BEGIN Data

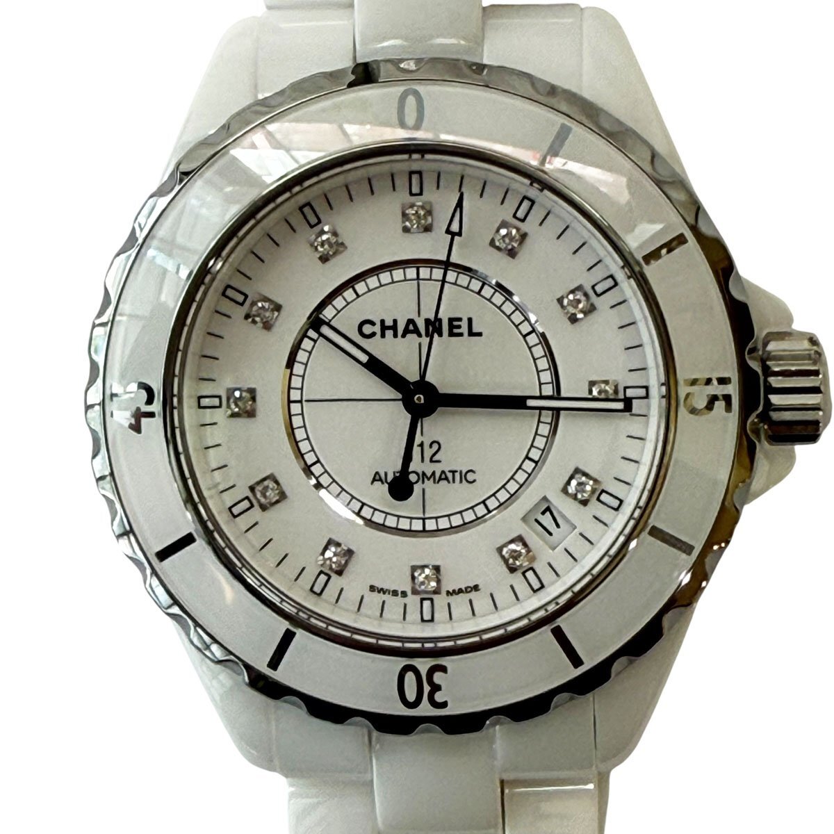 OH済み◆シャネル◆J12 12Pダイヤモンド H1629 白 セラミック 38m 自動巻き ベゼル欠け有り メンズ腕時計 質
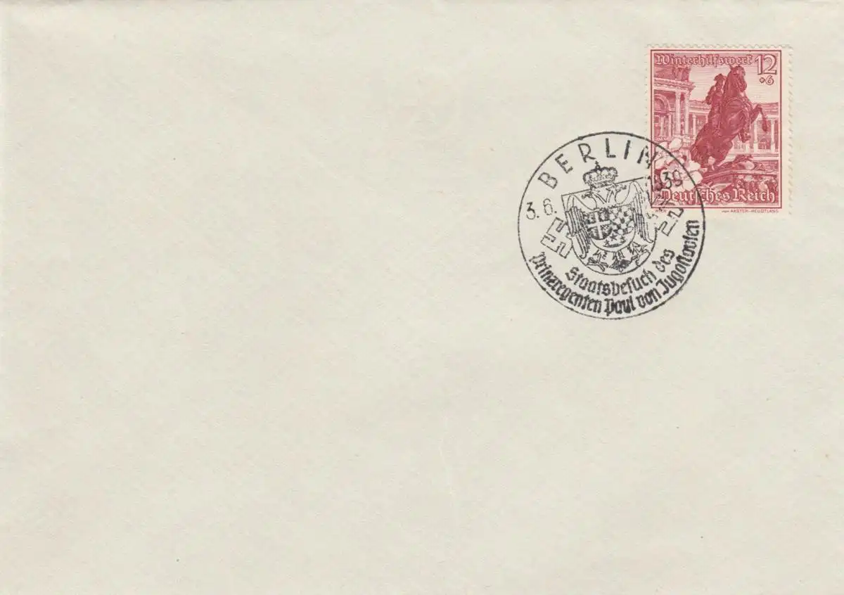 Blanko Sonderstempelbeleg 1939: Berlin: Staatsbesuch d. Prinzregenten Jugoslav.
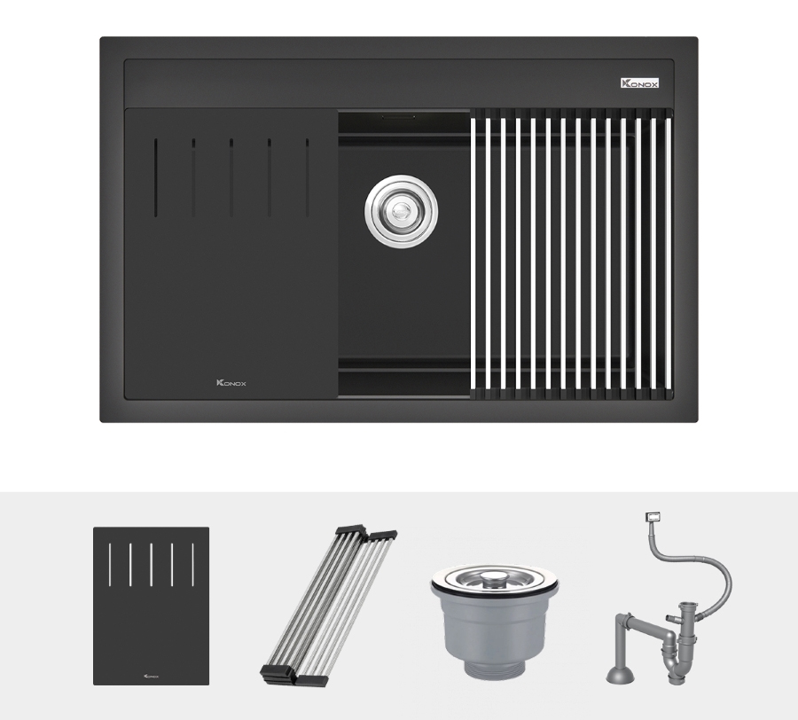 Chậu rửa Konox Granite Sink Terra 790S Black | Kiệt tác Ý trong lòng bếp Việt | Điểm nhấn cho gian bếp của gia đình bạn
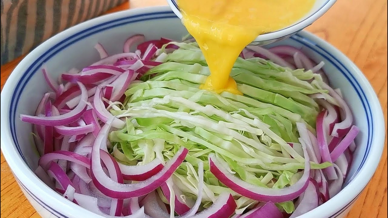 做飯 入秋後要多吃包菜教你新吃法不炒不燉不涼拌出鍋比吃肉還香小穎美食 創新 包菜 吃飯 家常 家常菜 家庭 小穎美食 新吃法 早餐 早餐餅 洋蔥 火腿腸 營養 玉米麵 生活 美食 菜糊 蔬菜 雞蛋 麵粉 麵食
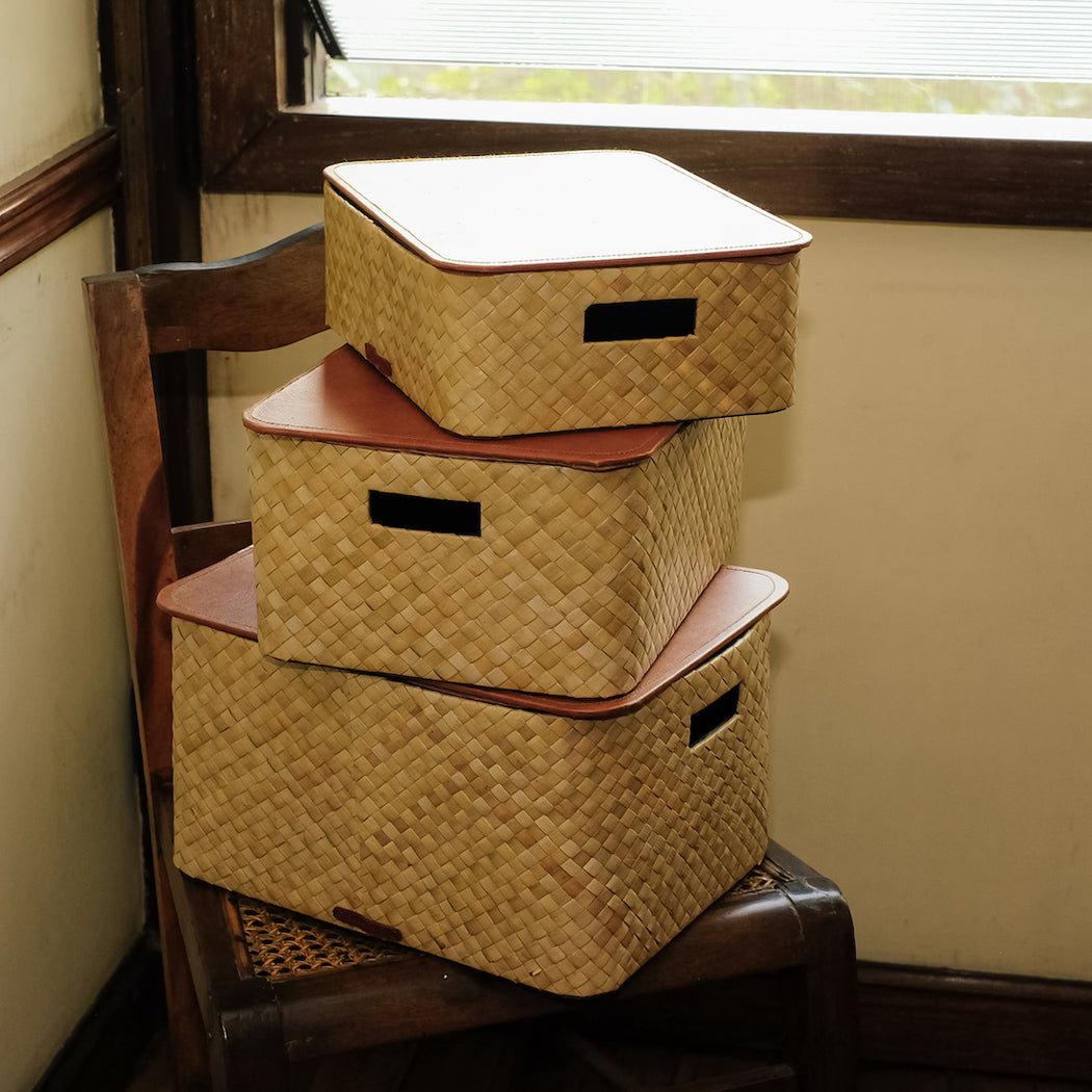 Handcrafted from woven pandan mats, comes 3 sizes spacious enough to store your office supplies and other odds and ends.

END Data

What is expected: Exactly the lines from the one with "做飯 入秋後要多吃包菜教你新吃法不炒不燉不涼拌出鍋比吃肉還香小穎美食 創新" through the end of the records should be written out, and only those. Pictures do not belong in the copy.

Answer below:
 做飯 入秋後要多吃包菜教你新吃法不炒不燉不涼拌出鍋比吃肉還香小穎美食 創新 包菜 吃飯 家常 家常菜 家庭 小穎美食 新吃法 早餐 早餐餅 洋蔥 火腿腸 營養 玉米麵 生活 美食 菜糊 蔬菜 雞蛋 麵粉 麵食
 Handcrafted from woven pandan mats, comes 3 sizes spacious enough to store your office supplies and other odds and ends.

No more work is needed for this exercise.